MIT researchers recently made one of the boldest claims related to artificial intelligence we’ve seen yet: they believe they’ve built an AI that can identify a person’s race using only medical images. And, according to the popular media, they have no idea how it works!
Sure. And I’d like to sell you an NFT of the Brooklyn Bridge.
Let’s be clear up front, per the team’s paper, the model can predict a person’s self-reported race:
In our study, we show that standard AI deep learning models can be trained to predict race from medical images with high performance across multiple imaging modalities.
Prediction and identification are two entirely different things. When a prediction is wrong, it’s still a prediction. When an identification is wrong, it’s a misidentification. These are important distinctions.
AI models can be fine-tuned to predict anything, even concepts that aren’t real.
Here’s an old analogy I like to pull out in these situations:
I can predict with 100% accuracy how many lemons in a lemon tree are aliens from another planet.
Because I’m the only person who can see the aliens in the lemons, I’m what you call a “database.”

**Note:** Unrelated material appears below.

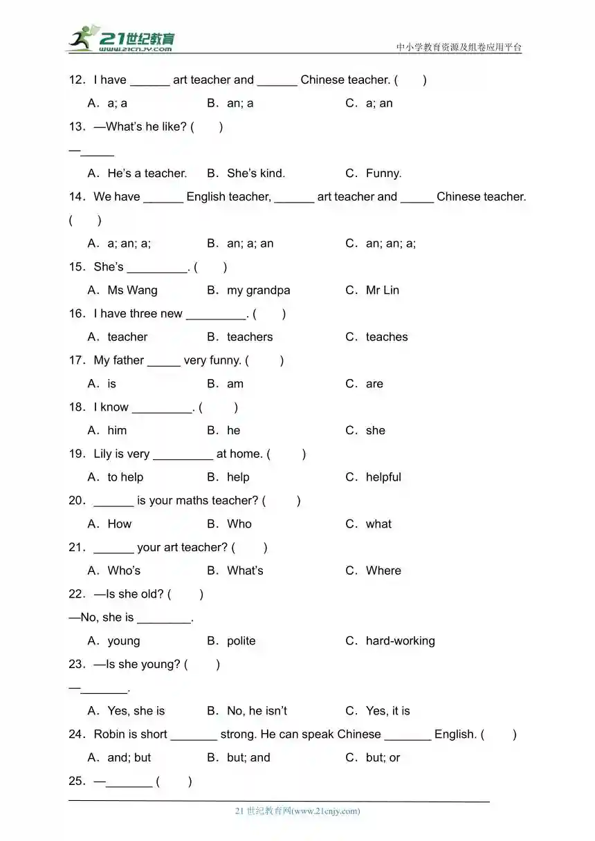 简介深化日常单词,句型的迁移应用,针对易错点配有对应的巩固练习,启发学生思维,做好课堂的的一个复习检测欢迎大家进入课件通小程序进行下载:该资料包含如下内容:Unit1What'shelike?易错题分类汇编-单选题(80题)(含答案)Unit1What'shelike易错题分类汇编-英汉...

I could stand there, next to your AI, and point at all the lemons that have aliens in them. The AI would try to figure out what it is about the lemons I’m pointing at that makes me think there’s aliens in them.
Eventually the AI would look at a new lemon tree and try to guess which lemons I would think have aliens in them.
If it were 70% accurate at guessing that, it would still be 0% accurate at determining which lemons have aliens in them. Because lemons don’t have aliens in them.
In other words, you can train an AI to predict anything as long as you:
- Don’t give it the option to say, “I don’t know.”
- Continue tuning the model’s parameters until it gives you the answer you want.
No matter how accurate at predicting a label an AI system is, if it cannot demonstrate how it arrived at its prediction, those predictions are useless for the purposes of identification — especially when it comes to matters relating to individual humans.
Furthermore, claims of “accuracy” don’t mean what the media seems to think they do when it comes to these kinds of AI models.
The MIT model achieves less than 99% accuracy on labeled data. This means, in the wild (looking at images with no labels), we can never be sure if the AI’s made the correct assessment unless a human reviews its results.
Even at 99% accuracy, MIT’s AI would still mislabel 79 million human beings if it were given a database with an image for every living human. And, worse, we’d have absolutely no way of knowing which 79 million humans it mislabeled unless we went around to all 7.9 billion people on the planet and asked them to confirm the AI’s assessment of their particular image. This would defeat the purpose of using AI in the first place.
The important bit: teaching an AI to identify the labels in a database is a trick that can be applied to any database with any labels. It is not a method by which an AI can determine or identify a specific object in a database; it merely tries to predict — to guess — what label the human developers used.
The MIT team concluded, in their paper, that their model could be dangerous in the wrong hands:
The results from our study emphasise that the ability of AI deep learning models to predict self-reported race is itself not the issue of importance.
However, our finding that AI can accurately predict self-reported race, even from corrupted, cropped, and noised medical images, often when clinical experts cannot, creates an enormous risk for all model deployments in medical imaging.
It’s important for AI developers to consider the potential risks of their creations. But this particular warning bears little grounding in reality.
The model the MIT team built can achieve benchmark accuracy on big databases but, as explained above, there’s absolutely no way to determine if the AI is correct unless you already know the ground truth.
Basically, MIT’s warning us about the possibility for evil doctors and medical technicians to practice racial discrimination at scale, using a system similar to this.
But this AI can’t determine race. It predicts labels in specific datasets. The only way this model (or any model like it) could be used to discriminate is with a wide net, and only when the discriminator doesn’t really care how many times the machine gets it wrong.
All you can be sure of, is that you couldn’t trust an individual result without double-checking it against a ground truth. And the more images the AI processes, the more mistakes it’s certain to make.
In summation: MIT’s “new” AI is nothing more than a magician’s illusion. It’s a good one, and models like this are often incredibly useful when getting things right isn’t as important as doing them quickly, but there’s no reason to believe bad actors can use this as a race detector.
MIT could apply the exact same model to a grove of lemon trees and, using the database of labels I’ve created, it could be trained to predict which lemons have aliens in them with 99% accuracy.
This AI can only predict labels. It doesn’t identify race.